Bank of England leaves interest rates on hold at 5.25%

Decision will disappoint businesses labouring under heavy debts - but there are growing hopes for a move next month

The Bank of England left interest rates on hold for the sixth time on the trot despite increasing confidence that inflation has fallen back at its target level of 2%.

Its Monetary Policy Committee (MPC) voted 7 to 2 to leave the benchmark lending rate at 5.25%, the level it has been at since August last year.

The decision was widely expected but will nonetheless disappoint businesses labouring under heavy levels of debt, and home owners on tracker mortgages that move in line with the Bank of England's rate decisions.

Governor Andrew Bailey said he was “optimistic that things are moving in the right direction” after “encouraging news on inflation.”

The FTSE-100 jumped nearly 40 points to a new all time high of 8,393 on hopes that today will be the last hold decision in the current cycle.

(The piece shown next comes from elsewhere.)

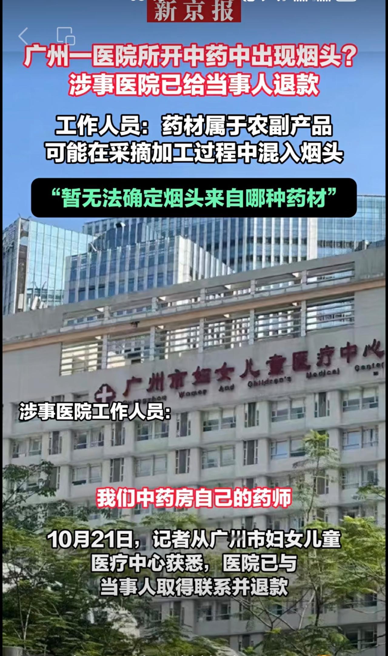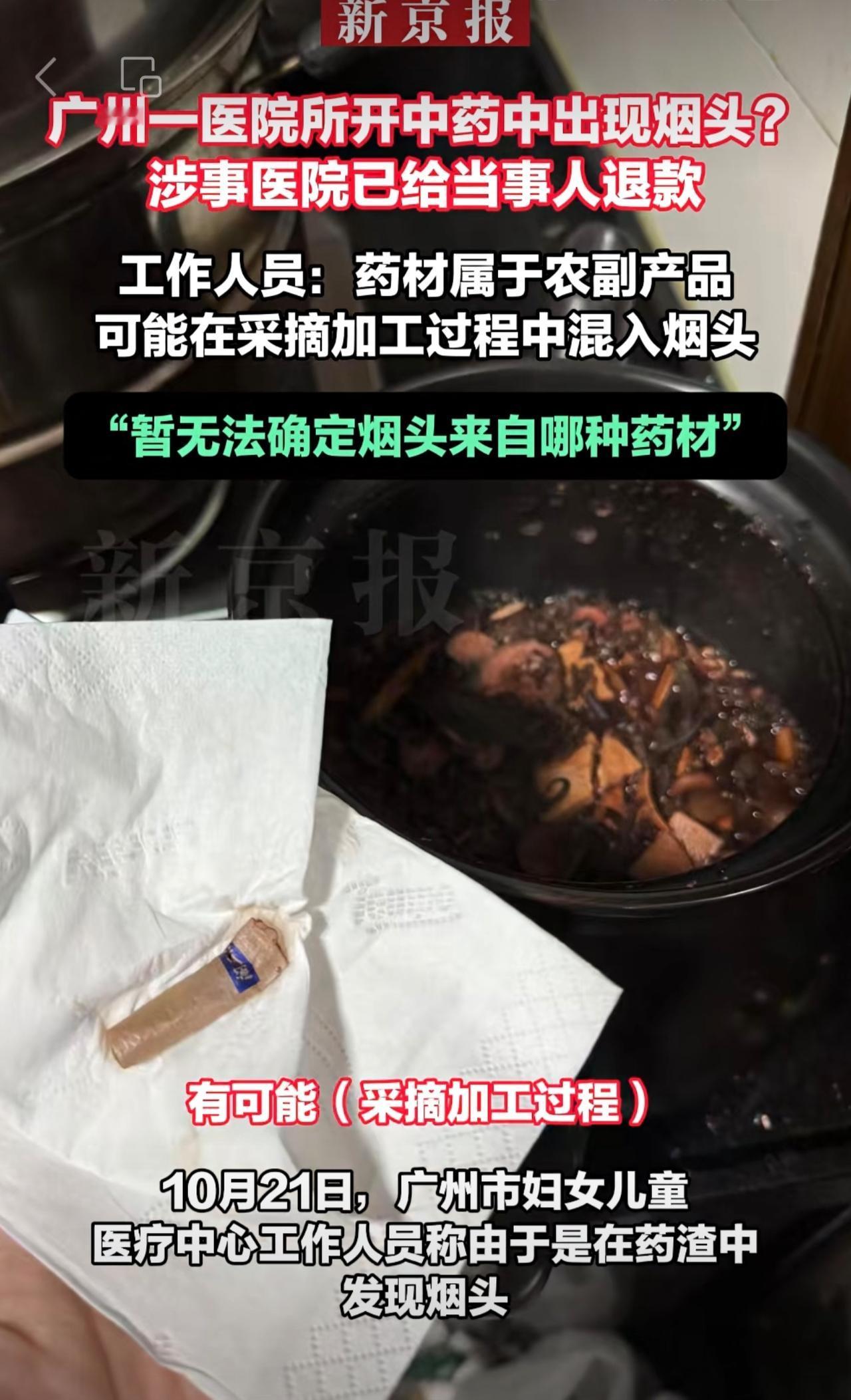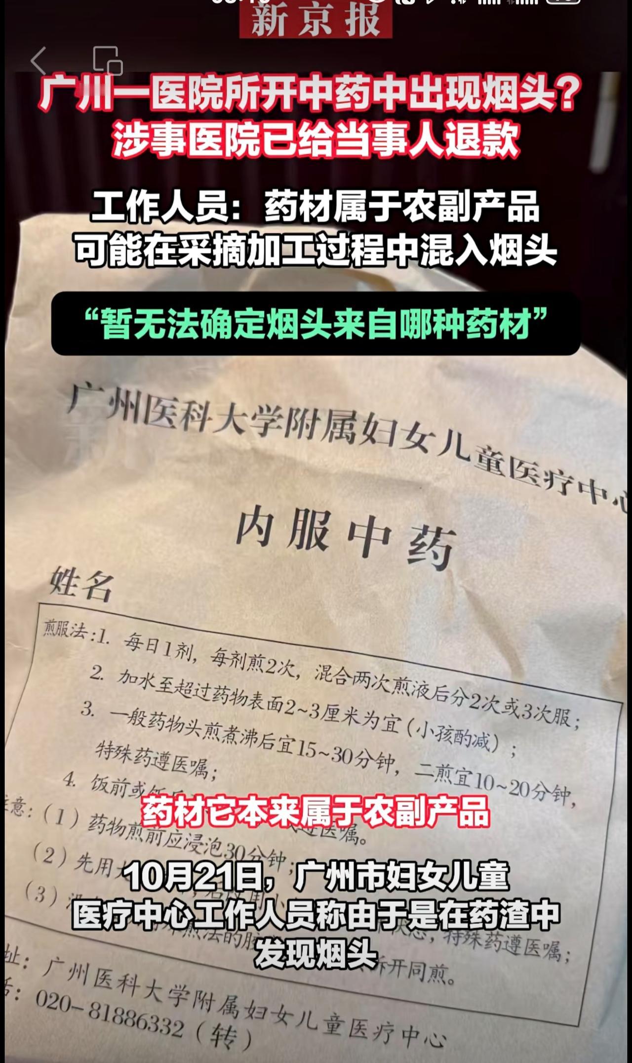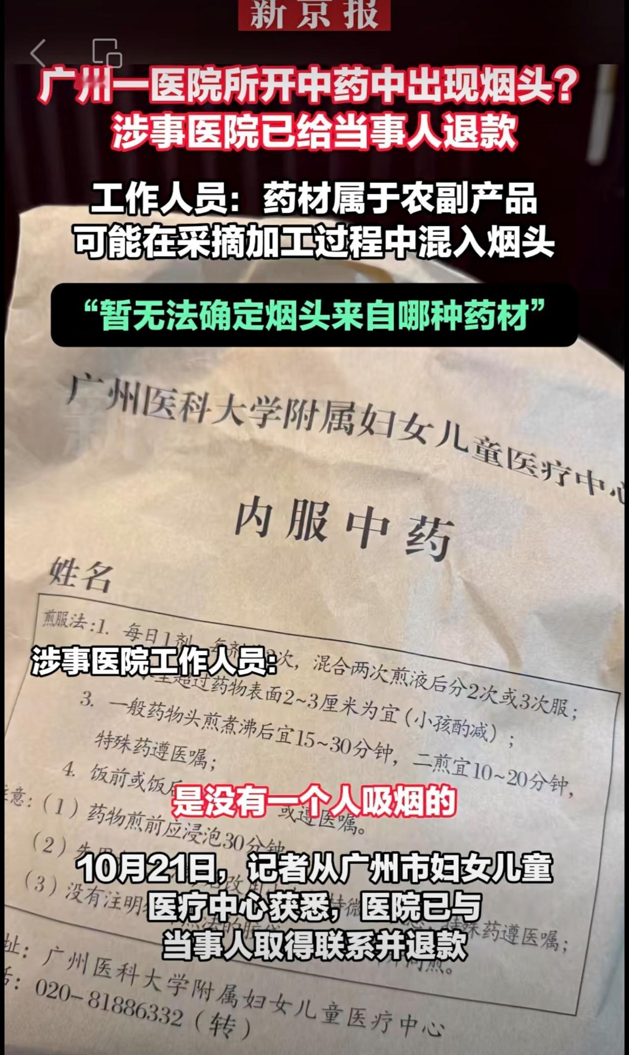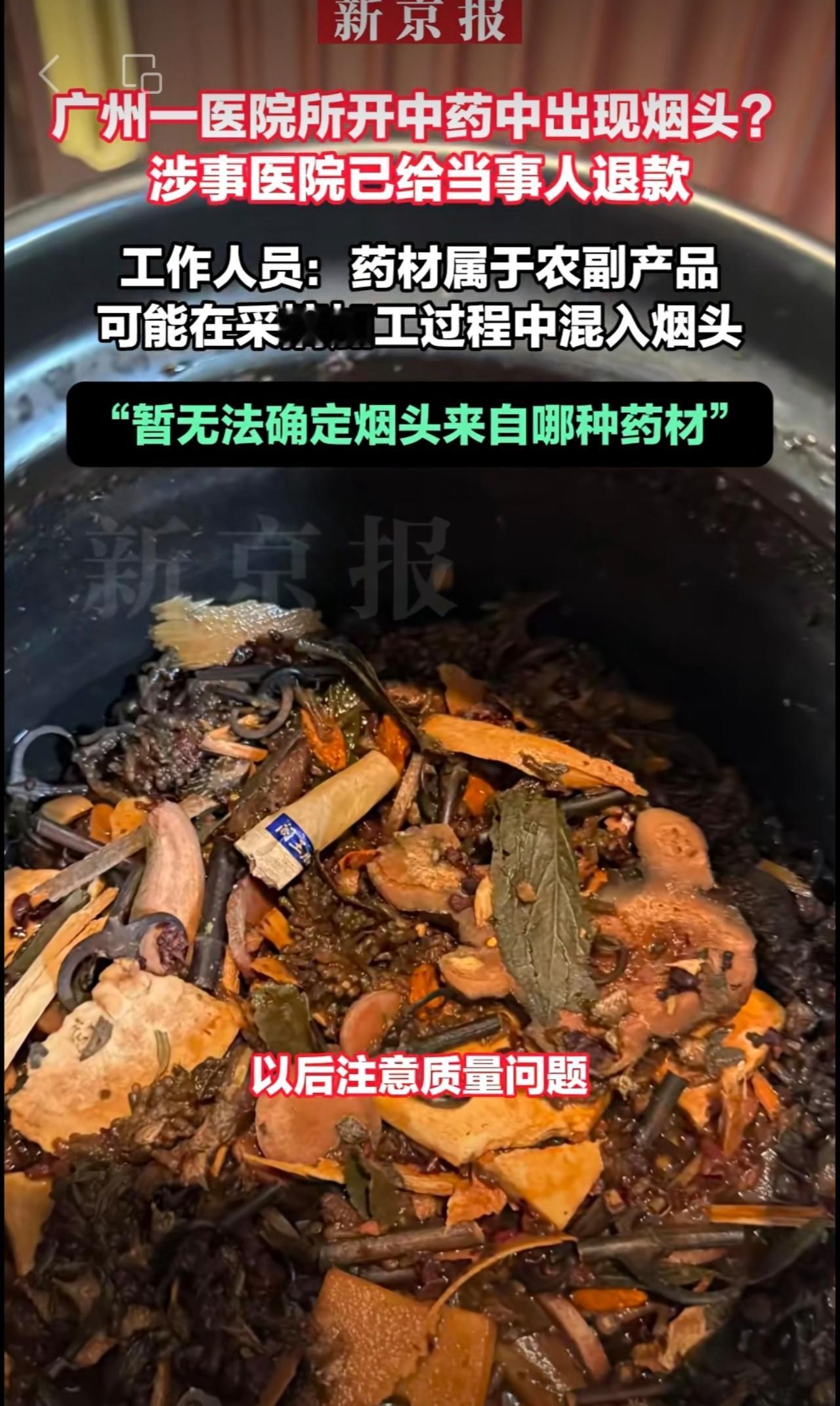 院方回应医院所开中药中出现烟头:已联系当事人退款将反馈供货商注意质量

The number of MPC members voting for a cut went up from one to two with Swati Dhingra and Dave Ramsden backing an immediate quarter point reduction to 5%.

In new language seen in the City as more “doveish” the MPC said it will “consider forthcoming data releases and how these inform the assessment that the risks from inflation persistence are receding.” It comes ahead of the announcement of the official inflation rate for April later this month. The Office for National Statistics is expected to say that the Consumer Prices Index (CPI) went up by only around 2% in April, following a big cut in the energy bills cap at the start of the month. The CPI stood at an annual rate of 3.2% in March.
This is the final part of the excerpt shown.